USPS spokeswoman Marti Johnson said USPS is “highly focused on fulfilling our critical role as part of the country’s electoral system where election officials or voters choose to utilize us as a part of their process.”

“Any suggestion that the Postal Service or anyone in Postal Service leadership, up to and including the Postmaster General, at any point in time was not fully committed to supporting our democratic process is inconsistent with the facts and our performance in 2020 and 2021,” Johnson said.

The court also determined that USPS violated the 2006 Postal Accountability and Enhancement Act when it failed to submit a proposal to its regulator, the Postal Regulatory Commission, prior to implementing changes that reduced national service standards.

USPS argued in its lawsuits that it never sought a “firm limit” on reducing late and extra trips, and that seeking to reduce them never amounted to an official policy change that required prior approval from the PRC.

Sullivan, however, said that message trickled down to several USPS that all late and extra trips were unauthorized, and that at least one Area Vice President issued a “mandatory stand-up talk” directing that late trips and extra trips “are no longer authorized and accepted.”

“Even if the official policy was never to ‘ban’ such trips, the ‘focus’ was to eliminate them,” Sullivan wrote.

Sullivan rejected USPS’s arguments that it was not “foreseeable” how the simultaneous implementation of multiple policy changes during the height of the pandemic would negatively impact service.
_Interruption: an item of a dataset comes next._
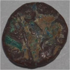 Obverse Horseman to the left. Man on the horseback and flagpole at the back. Reverse Couchant bull facing right and traces of legend on the top.

The judge also ruled that there is no evidence that USPS analyzed the impacts its changes would have on overall service standards prior to implementing multiple changes at the same time.

The court also determined that USPS removing mail-sorting equipment at its plants nationwide had a “meaningful impact on service.”

USPS plans to remove mail-sorting equipment predate DeJoy’s tenure, but the pace of their removal accelerated in 2020.

In the fiscal year 2020, USPS removed 711 high-speed sorting machines —600 of which were announced on June 17, 2020 — about a 14.7% reduction in the number of machines nationwide.

USPS told the court that between 2017 and April 2020, it created and ran a computer model “to determine the optimum number of machines required for efficient mail processing at facilities across the nation and monitored the reductions on an ongoing basis.

The agency told the court that this analysis in May 2020 determined that USPS “needed fewer letter and flat sorting machines and more package machines and/or more workroom floor space for nonautomated package processing” so that the agency could operate more efficiently.

USPS explained that “removing unnecessary machines frees up space for other package-processing machines, which may be staffed with employees who are no longer needed for running additional letter or flat mail sorting machines,” and the greater floor space would allow for the surge of packages USPS delivered during the height of nationwide lockdowns.

USPS also argued that COVID-19 took a significant toll on its workforce and that critical shortages of health workers at times led to disruptions in on-time delivery.

“The Court does not disagree with Defendants that USPS service scores could have been negatively impacted by multiple sources,”  Sullivan wrote. However, the possibility that other events may have also contributed to any delays in mail delivery does not suggest that the postal policy changes had no impact.”

Sullivan, in his ruling, is preventing USPS from limiting late and extra trips to such a degree that it would reduce nationwide service scores on average by more than 10% for a period of at least two weeks — unless it gets prior permission from the PRC.

Johnson said USPS is studying the opinion to determine its next steps.

“We continue to believe that the lawsuit was not justified under the facts or supported by the applicable law,” she added.